在聚合来自直接邻居的信息后，每个智能体构建一个局部图。随着图深度或跳数的增加，局部图会包含来自更远邻居的延迟信息。具体来说，智能体实时构建的局部图包含了 k 跳邻居的 t-k 信息，因为每个智能体只与其直接邻居通信。这种设计体现了通信成本和局部图中信息时效性之间的权衡。增加跳数可以提供更广泛的交通网络视图，但代价是依赖来自远距离节点的较旧信息。

After building the local graph, SA-GNN will use the a different diffusion process as DCRNN on the local graph to get the final graph representation used for decision making.

在构建局部图后，SA-GNN 将使用与 DCRNN 不同的扩散过程在局部图上得到最终用于决策的图表示。

DTLight

DTLight takes a unique approach compared to models like DCRNN or SA-GNN by utilizing a transformer architecture to determine the actions of each agent at every time step in a centralized manner [6, Figure 7]. In its implementation, the transformer acts like an undirected fully connected graph, where the attention matrix represents the attention values between traffic signals in the system.

DTLight 与 DCRNN 或 SA-GNN 等模型相比，采用了一种独特的方法，通过使用 Transformer 架构以集中方式确定每个智能体在每个时间步长的动作 [6, 图 7]。在其实现中，Transformer 像一个无向全连接图，其中注意力矩阵表示系统中的交通信号之间的注意力值。

However, a key limitation of DTLight is that, due to its reliance on the transformer architecture, it assumes a fully connected graph structure for the input. This fails to capture the spatial and structural characteristics inherent to traffic networks, which are often sparse and have well-defined local connectivity patterns.

然而，DTLight 的一个关键局限性在于，由于其依赖于 Transformer 架构，它假设输入为全连接图结构。这无法捕捉交通网络固有的空间和结构特征，这些网络通常是稀疏的，并且具有明确定义的局部连接模式。

Figure 7: DTLight architecture

图 7：DTLight 架构

In contrast, we propose the use of a graph-transformer model, which differs fundamentally from a pure transformer. In a graph-transformer, the layer operates on each node and its immediate neighbors, allowing for variability in the number of neighbors across nodes. This creates a localized attention mechanism that focuses on a node’s neighborhood rather than considering all nodes in the graph simultaneously [7, Figure 8]. Additionally, graph-transformer layers leverage positional encoding to encode the relative position of each node within the graph. This feature enhances the model’s ability to distinguish between different inputs and better preserves the structural information of the traffic network.

相比之下，我们提出了使用图转换器模型，这与纯转换器有根本区别。
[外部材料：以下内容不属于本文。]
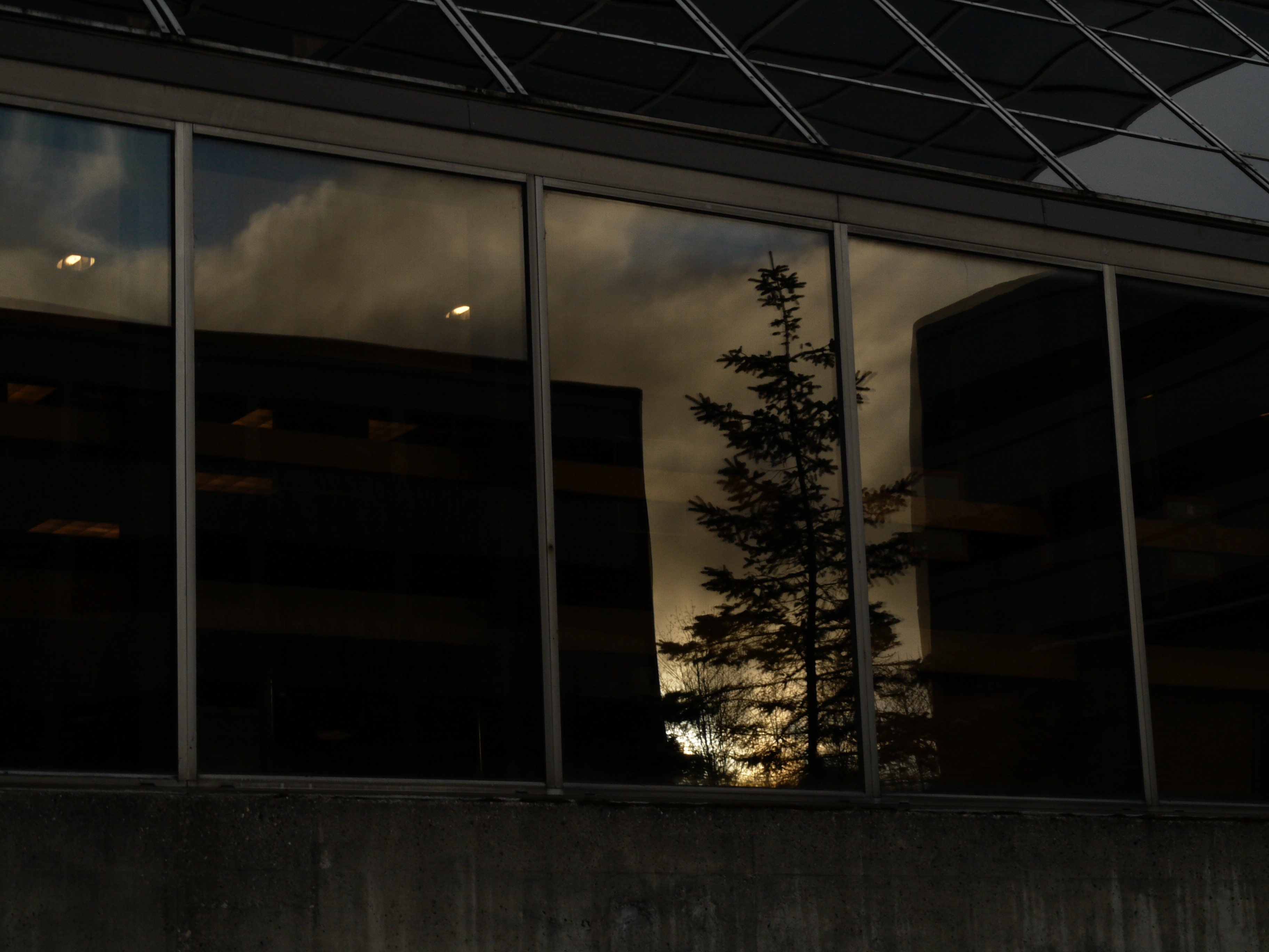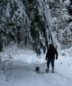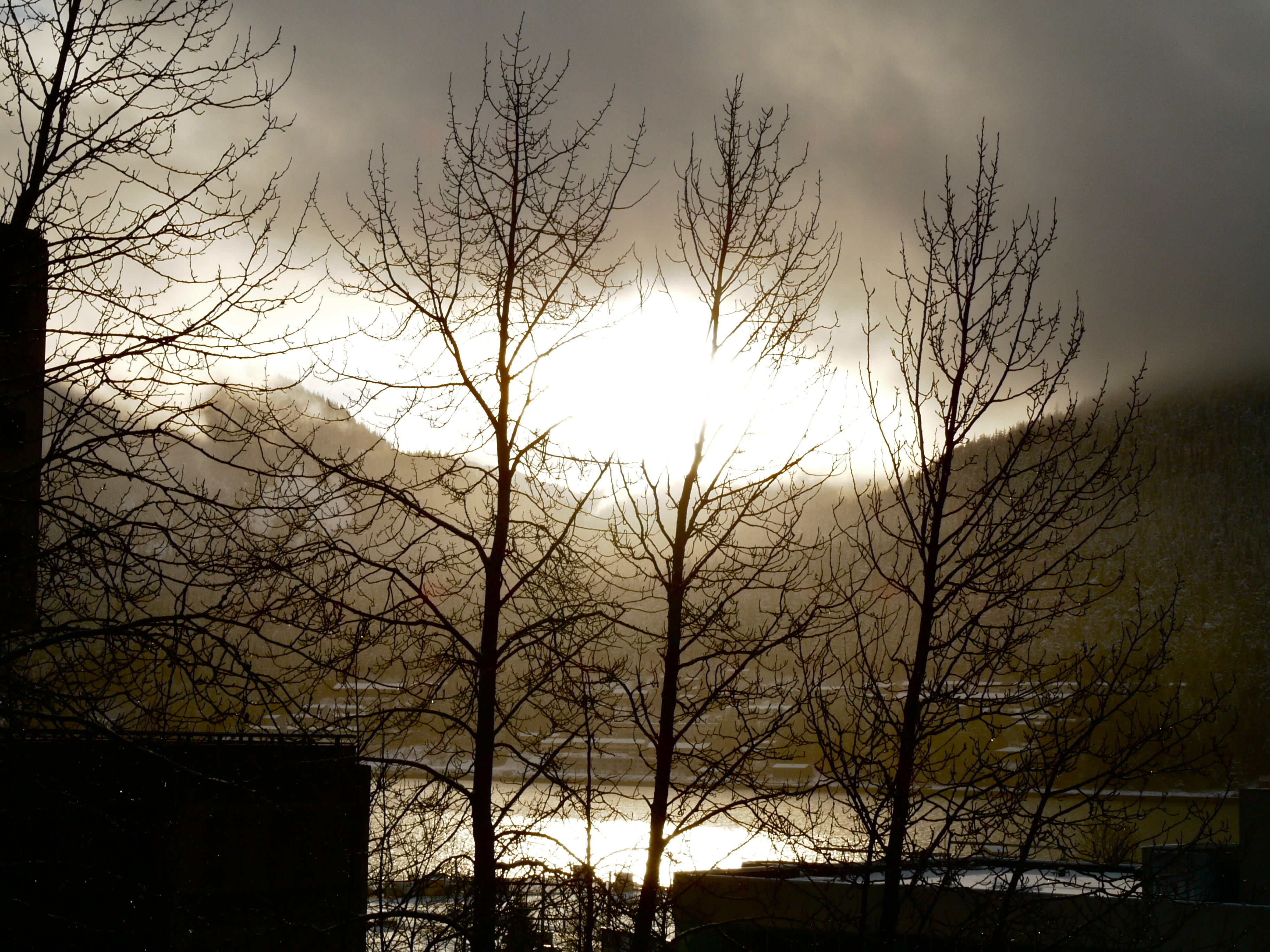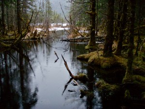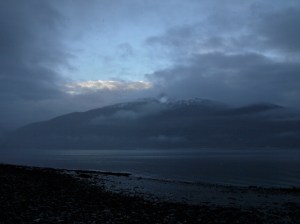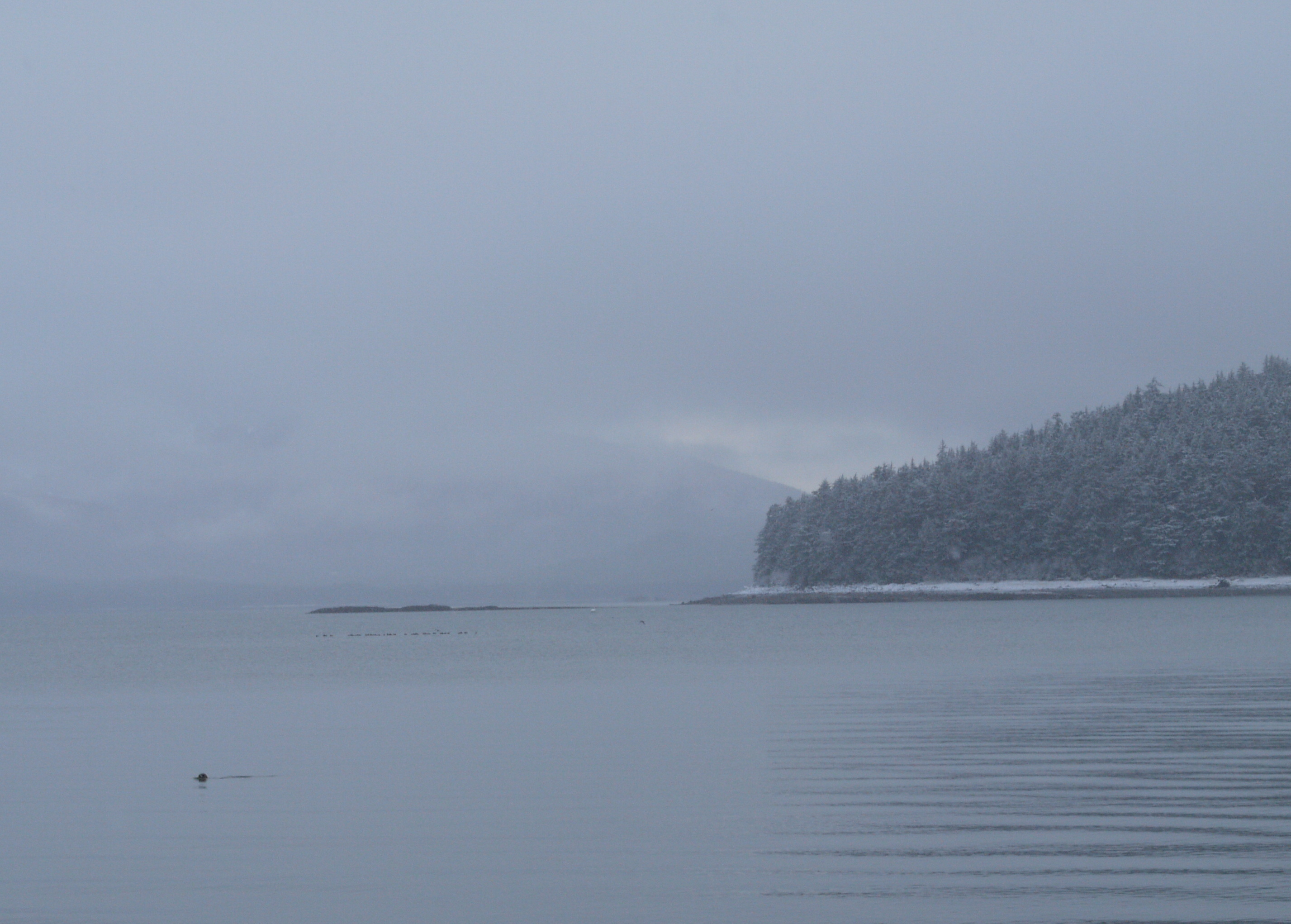 Just offshore a seal moves above the water surface, in this light a body-less head. Closer in a common loon pops to the surface then floats off with the tide. The storm is passing now and the clouds over Douglas Island part enough to reveal a rough patch of pale blue sky. Then, hunters embedded across channel restart their war on birds. This doesn’t bother the geese in their splendid isolation on the mud bar but it does worry Aki. She insists on continuing down the beach, which would mean walking a five mile loop to get back to the car. We reach a compromise that has me carrying her to where the forest trail begins. She looks foolish and I feel the same as 300 geese cackle at our passage.

在图转换器中，层对每个节点及其直接邻居进行操作，允许节点邻居数量的变化。这创建了一种局部注意力机制，该机制专注于节点的邻域，而不是同时考虑图中的所有节点[7, 图 8]。此外，图转换器层利用位置编码来编码每个节点在图中的相对位置。这一特性增强了模型区分不同输入的能力，并更好地保留了交通网络的结构信息。

Our Best Model: Decentralized Transformer-based Traffic Signal Control

我们的最佳模型：基于 Transformer 的去中心化交通信号控制

Unlike previous work, we also try to decouple the modelling of spatial and temporal correlation separately. Specifically, we first use recurrent models to capture temporal correlations and compress temporal information into a compact representation. This temporal representation is then passed into a graph-transformer model, which focuses on capturing the spatial correlations unique to the given traffic network, which shows robust experimentation outcome.

与之前的工作不同，我们还尝试将空间和时间的建模分开。具体来说，我们首先使用循环模型来捕获时间相关性，并将时间信息压缩成紧凑的表示。然后将这种时间表示传递到图转换器模型中，该模型专注于捕获给定交通网络特有的空间相关性，实验结果表明其具有鲁棒性。

Local Information: 局部信息

For each agent, we dynamically construct a local k-hop graph. Since the traffic network is directed, both upstream and downstream traffic flows are considered. This ensures that the agent has a comprehensive understanding of its current state, enabling more robust decision-making. The k-hop local graph includes both incoming and outgoing neighbors, providing a holistic view of the surrounding traffic flow.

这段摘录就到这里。